(RECORDS FOR THE TASK)
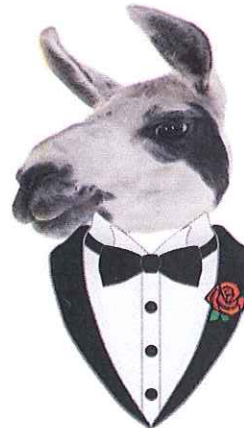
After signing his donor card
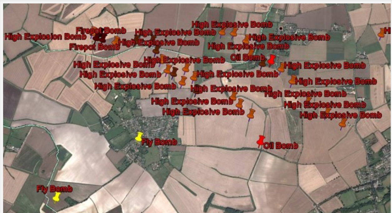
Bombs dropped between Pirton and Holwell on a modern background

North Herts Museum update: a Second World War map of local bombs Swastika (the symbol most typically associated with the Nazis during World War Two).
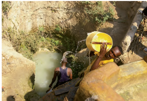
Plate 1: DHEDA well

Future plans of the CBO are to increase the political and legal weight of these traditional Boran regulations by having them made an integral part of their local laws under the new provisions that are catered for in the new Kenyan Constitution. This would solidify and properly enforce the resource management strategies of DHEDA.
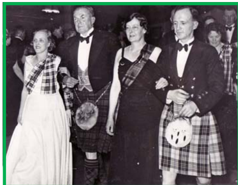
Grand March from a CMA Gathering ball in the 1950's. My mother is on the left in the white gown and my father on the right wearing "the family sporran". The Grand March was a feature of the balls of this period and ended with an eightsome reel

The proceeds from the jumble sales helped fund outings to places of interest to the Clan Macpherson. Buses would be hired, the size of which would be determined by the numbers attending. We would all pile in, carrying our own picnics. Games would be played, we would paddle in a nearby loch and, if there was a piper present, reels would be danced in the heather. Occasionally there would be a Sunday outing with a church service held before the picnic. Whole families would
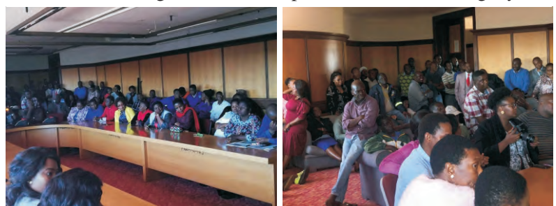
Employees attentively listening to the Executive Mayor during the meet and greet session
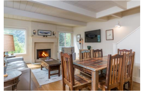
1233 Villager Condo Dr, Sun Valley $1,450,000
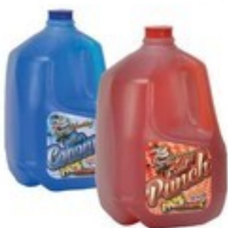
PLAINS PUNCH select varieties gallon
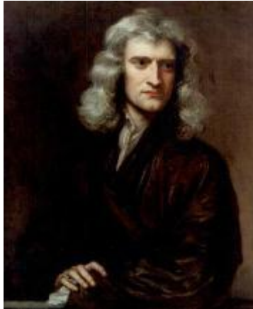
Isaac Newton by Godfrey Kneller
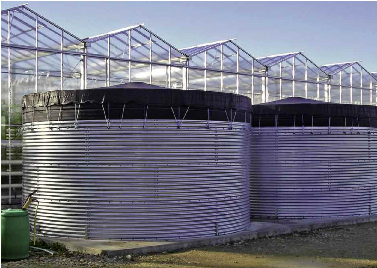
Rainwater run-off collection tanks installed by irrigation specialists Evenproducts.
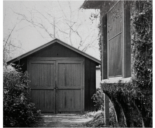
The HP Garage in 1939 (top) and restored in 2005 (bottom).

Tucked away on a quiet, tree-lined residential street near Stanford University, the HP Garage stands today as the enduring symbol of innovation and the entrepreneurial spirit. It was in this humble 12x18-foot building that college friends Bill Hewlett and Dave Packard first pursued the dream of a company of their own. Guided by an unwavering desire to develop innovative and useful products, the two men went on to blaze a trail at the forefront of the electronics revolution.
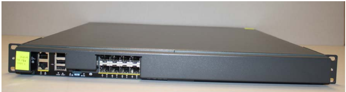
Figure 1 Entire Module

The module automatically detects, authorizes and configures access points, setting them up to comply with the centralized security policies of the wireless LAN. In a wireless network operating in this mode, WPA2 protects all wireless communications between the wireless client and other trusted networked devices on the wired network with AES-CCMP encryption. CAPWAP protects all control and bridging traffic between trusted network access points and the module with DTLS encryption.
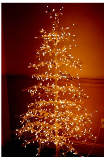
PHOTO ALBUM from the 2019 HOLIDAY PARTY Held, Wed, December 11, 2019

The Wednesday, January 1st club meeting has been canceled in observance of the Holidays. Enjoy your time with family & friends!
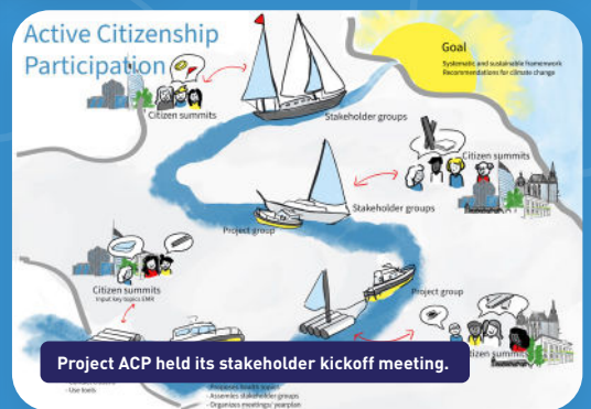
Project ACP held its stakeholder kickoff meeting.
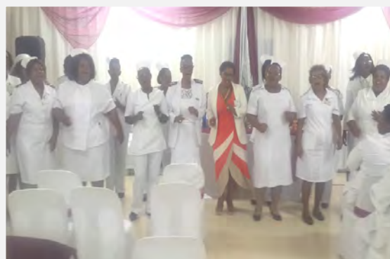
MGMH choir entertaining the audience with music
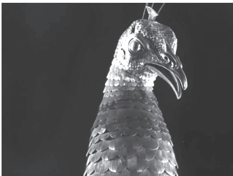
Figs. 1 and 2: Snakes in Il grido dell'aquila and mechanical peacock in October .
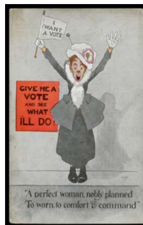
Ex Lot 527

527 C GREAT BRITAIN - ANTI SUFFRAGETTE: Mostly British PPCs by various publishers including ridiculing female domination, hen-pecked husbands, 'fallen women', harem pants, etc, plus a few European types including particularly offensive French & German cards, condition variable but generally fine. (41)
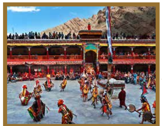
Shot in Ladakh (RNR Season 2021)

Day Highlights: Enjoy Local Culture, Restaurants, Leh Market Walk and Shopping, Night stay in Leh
(End RECORDS FOR THE TASK)
Search the listing for the word "between". Copy every line in which it occurs.

# RESPONSE BELOW
Bombs dropped between Pirton and Holwell on a modern background
The module automatically detects, authorizes and configures access points, setting them up to comply with the centralized security policies of the wireless LAN. In a wireless network operating in this mode, WPA2 protects all wireless communications between the wireless client and other trusted networked devices on the wired network with AES-CCMP encryption. CAPWAP protects all control and bridging traffic between trusted network access points and the module with DTLS encryption.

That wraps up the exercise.